**TASK**
Transcribe each record exactly, but omit pictures.

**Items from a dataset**
* * *
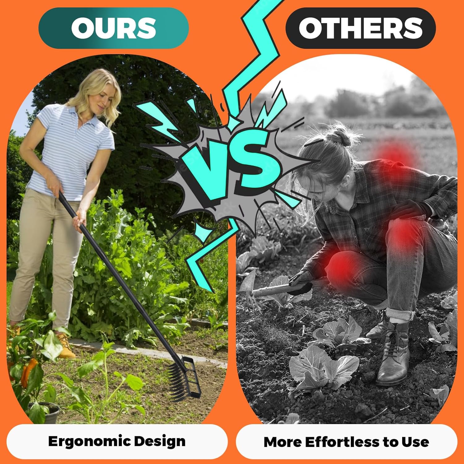 - Efficient Hoe Tool: Equipped with 12 sharp tines, this stirrup hoe easily penetrates soil to remove weeds at the root, simplifying weed removal. As a top-tier weed puller and garden cultivator, it keeps your garden beds healthy and weed-free with minimal effort.
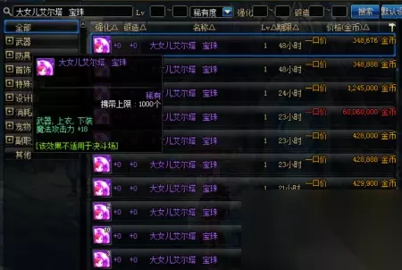 大女儿艾尔塔宝珠,这宝珠属性同样是18魔攻,相对而言,这宝珠比较的便宜,但是性价比没有巨锤小丑高。
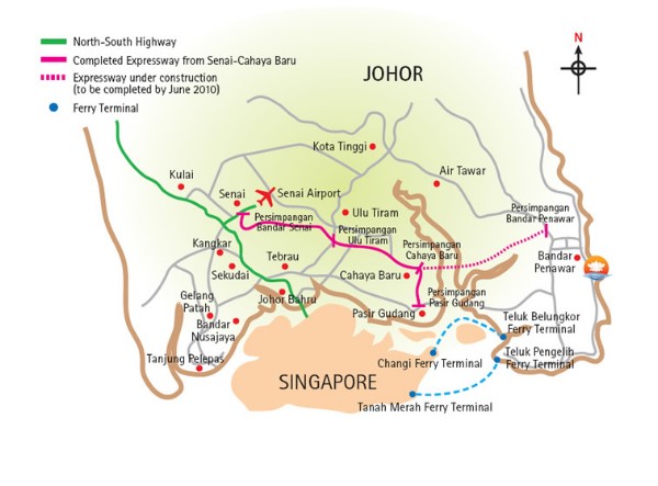 From Senai Airport or from Johor Bahru downton: takes approx 90Km (2.5 hrs).
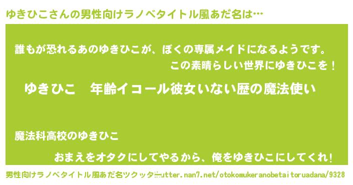 | 胡散臭い通販商品みたいなあだ名 | 『前代未聞の健康食品…その名も「ゆきひこ」』 |
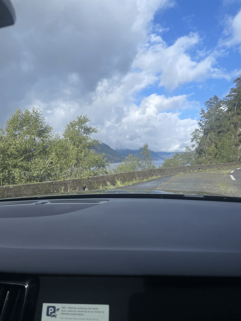 Along the way we could enjoy the astonishing nature of Norway. Since it was the first real day for Pierre, we were eager to show him how beautiful it really is here. We told him there is a waterfall every few minutes. After driving for about an hour and a half, we had seen top class bridges, unbelievable lakes and fjords, but funnily enough no waterfall, fortunately this changed the next days.
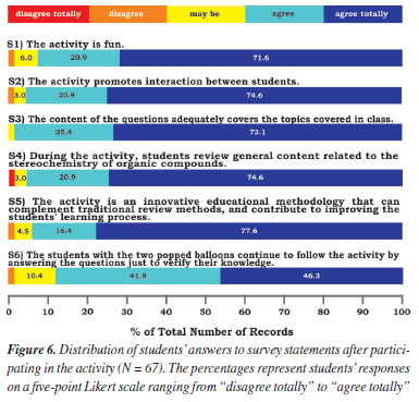 RESULTS AND DISCUSSION Evaluation of the activity - students' opinions We invited the 67 students (28 undergraduate and 39 high school) who participated in the Popping Balloons activity to respond to a survey of twenty-one statements using a Likert-type scale34 (see Supplementary Material). All Pharmacy students agreed to participate and signed the Informed Consent Form we provided (see Supplementary Material). Also, the high school students agreed, and their parents signed the Assent Form we provided (see Supplementary Material). The first six statements (S1-S6) refer to the activity as a tool to review the nomenclature of organic compounds (for undergraduate students) or Stereochemistry (for high school students). The following twelve statements (S7-S18) refer to the User Engagement Scale short form (UES-SF),35 one of the best-known and most straightforward methods of ascertaining participant engagement levels in an activity. The last three statements request a rate for the activity and its positive and negative aspects (S19-S21). Based on student responses (Figure 6), we can confidently affirm that they enjoyed the Popping Balloons activity, with agreement rates to the statements ranging from 88.1 to 98.5%. In addition, the findings showed that 92.5% of students considered the activity fun (S1). 95.5% agreed that the activity promotes interaction between students (S2) while reviewing content related to the nomenclature or stereochemistry of organic compounds (S3, 98.5%) because the games adequately cover the subjects seen in class (S4, 95.5%). Also, 94.0% agreed that the activity is an innovative educational methodology that can complement traditional review methods and improve the student learning process (S5). Finally, 88.1% of the students agreed that those who had their two balloons popped during the activity continued to follow its dynamics by answering the questions to test their knowledge (S6).
* * *
**TASK RESPONSE**
 - Efficient Hoe Tool: Equipped with 12 sharp tines, this stirrup hoe easily penetrates soil to remove weeds at the root, simplifying weed removal. As a top-tier weed puller and garden cultivator, it keeps your garden beds healthy and weed-free with minimal effort.
 大女儿艾尔塔宝珠,这宝珠属性同样是18魔攻,相对而言,这宝珠比较的便宜,但是性价比没有巨锤小丑高。
 From Senai Airport or from Johor Bahru downton: takes approx 90Km (2.5 hrs).
 | 胡散臭い通販商品みたいなあだ名 | 『前代未聞の健康食品…その名も「ゆきひこ」』 |
 Along the way we could enjoy the astonishing nature of Norway. Since it was the first real day for Pierre, we were eager to show him how beautiful it really is here. We told him there is a waterfall every few minutes. After driving for about an hour and a half, we had seen top class bridges, unbelievable lakes and fjords, but funnily enough no waterfall, fortunately this changed the next days.
 RESULTS AND DISCUSSION Evaluation of the activity - students' opinions We invited the 67 students (28 undergraduate and 39 high school) who participated in the Popping Balloons activity to respond to a survey of twenty-one statements using a Likert-type scale34 (see Supplementary Material). All Pharmacy students agreed to participate and signed the Informed Consent Form we provided (see Supplementary Material). Also, the high school students agreed, and their parents signed the Assent Form we provided (see Supplementary Material). The first six statements (S1-S6) refer to the activity as a tool to review the nomenclature of organic compounds (for undergraduate students) or Stereochemistry (for high school students). The following twelve statements (S7-S18) refer to the User Engagement Scale short form (UES-SF),35 one of the best-known and most straightforward methods of ascertaining participant engagement levels in an activity. The last three statements request a rate for the activity and its positive and negative aspects (S19-S21). Based on student responses (Figure 6), we can confidently affirm that they enjoyed the Popping Balloons activity, with agreement rates to the statements ranging from 88.1 to 98.5%. In addition, the findings showed that 92.5% of students considered the activity fun (S1). 95.5% agreed that the activity promotes interaction between students (S2) while reviewing content related to the nomenclature or stereochemistry of organic compounds (S3, 98.5%) because the games adequately cover the subjects seen in class (S4, 95.5%). Also, 94.0% agreed that the activity is an innovative educational methodology that can complement traditional review methods and improve the student learning process (S5). Finally, 88.1% of the students agreed that those who had their two balloons popped during the activity continued to follow its dynamics by answering the questions to test their knowledge (S6).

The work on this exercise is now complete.